Biological Sciences, Simon Fraser University, Burnaby, BC, Canada.
Department of Population and Data Sciences, UT Southwestern Medical Center, Dallas, TX, USA.
Methods Mol Biol. 2022;2453:447-476. doi: 10.1007/978-1-0716-2115-8_23.

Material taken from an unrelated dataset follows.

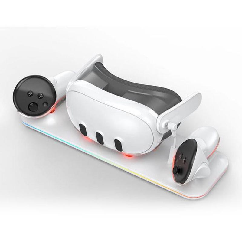 Opladningsstation til Meta Quest 3 VR-headset og dobbelt controller-opladningsdock - hurtig opladning, sikker placering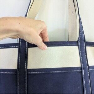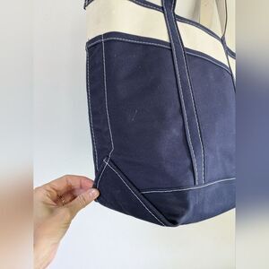 Vintage LL Bean Canvas Boat & Tote Bag 80s/90s? Navy Blue Cream Large

High-throughput sequencing of adaptive immune receptor repertoires (AIRR, i.e., IG and TR ) has revolutionized the ability to study the adaptive immune response via large-scale experiments. Since 2009, AIRR sequencing (AIRR-seq) has been widely applied to survey the immune state of individuals (see "The AIRR Community Guide to Repertoire Analysis" chapter for details). One of the goals of the AIRR Community is to make the resulting AIRR-seq data FAIR (Findable, Accessible, Interoperable, and Reusable) (Wilkinson et al. Sci Data 3:1-9, 2016), with a primary goal of making it easy for the research community to reuse AIRR-seq data (Breden et al. Front Immunol 8:1418, 2017; Scott and Breden. Curr Opin Syst Biol 24:71-77, 2020). The basis for this is the MiAIRR data standard (Rubelt et al. Nat Immunol 18:1274-1278, 2017). For long-term preservation, it is recommended that researchers store their sequence read data in an INSDC repository. At the same time, the AIRR Community has established the AIRR Data Commons (Christley et al. Front Big Data 3:22, 2020), a distributed set of AIRR-compliant repositories that store the critically important annotated AIRR-seq data based on the MiAIRR standard, making the data findable, interoperable, and, because the data are annotated, more valuable in its reuse. Here, we build on the other AIRR Community chapters and illustrate how these principles and standards can be incorporated into AIRR-seq data analysis workflows. We discuss the importance of careful curation of metadata to ensure reproducibility and facilitate data sharing and reuse, and we illustrate how data can be shared via the AIRR Data Commons.
高通量测序适应性免疫受体库(AIRR,即 IG 和 TR)的出现彻底改变了通过大规模实验研究适应性免疫反应的能力。自 2009 年以来,AIRR 测序(AIRR-seq)已被广泛应用于个体免疫状态的调查(详情请参见“适应性免疫受体库分析社区指南”章节)。AIRR 社区的目标之一是使生成的 AIRR-seq 数据具有 FAIR(可发现、可访问、可互操作和可重用)特性(Wilkinson 等人,《科学数据》3:1-9, 2016),主要目标是使研究社区能够轻松重用 AIRR-seq 数据(Breden 等人,《免疫学前沿》8:1418, 2017;Scott 和 Breden,《当代系统生物学评论》24:71-77, 2020)。这一目标的基础是 MiAIRR 数据标准(Rubelt 等人,《自然免疫学》18:1274-1278, 2017)。为了长期保存,建议研究人员将其序列读取数据存储在 INSDC 存储库中。同时,AIRR 社区已经建立了 AIRR 数据公共服务(Christley 等人,《大数据前沿》3:22, 2020),这是一组分布式的符合 AIRR 标准的存储库,基于 MiAIRR 标准存储了重要的注释 AIRR-seq 数据,从而使数据可发现、可互操作,并且由于数据已注释,在重复使用时更具价值。在这里,我们基于 AIRR 社区的其他章节,说明了如何将这些原则和标准纳入 AIRR-seq 数据分析工作流程。我们讨论了精心管理元数据以确保可重复性和促进数据共享和重用的重要性,并说明了如何通过 AIRR 数据公共服务共享数据。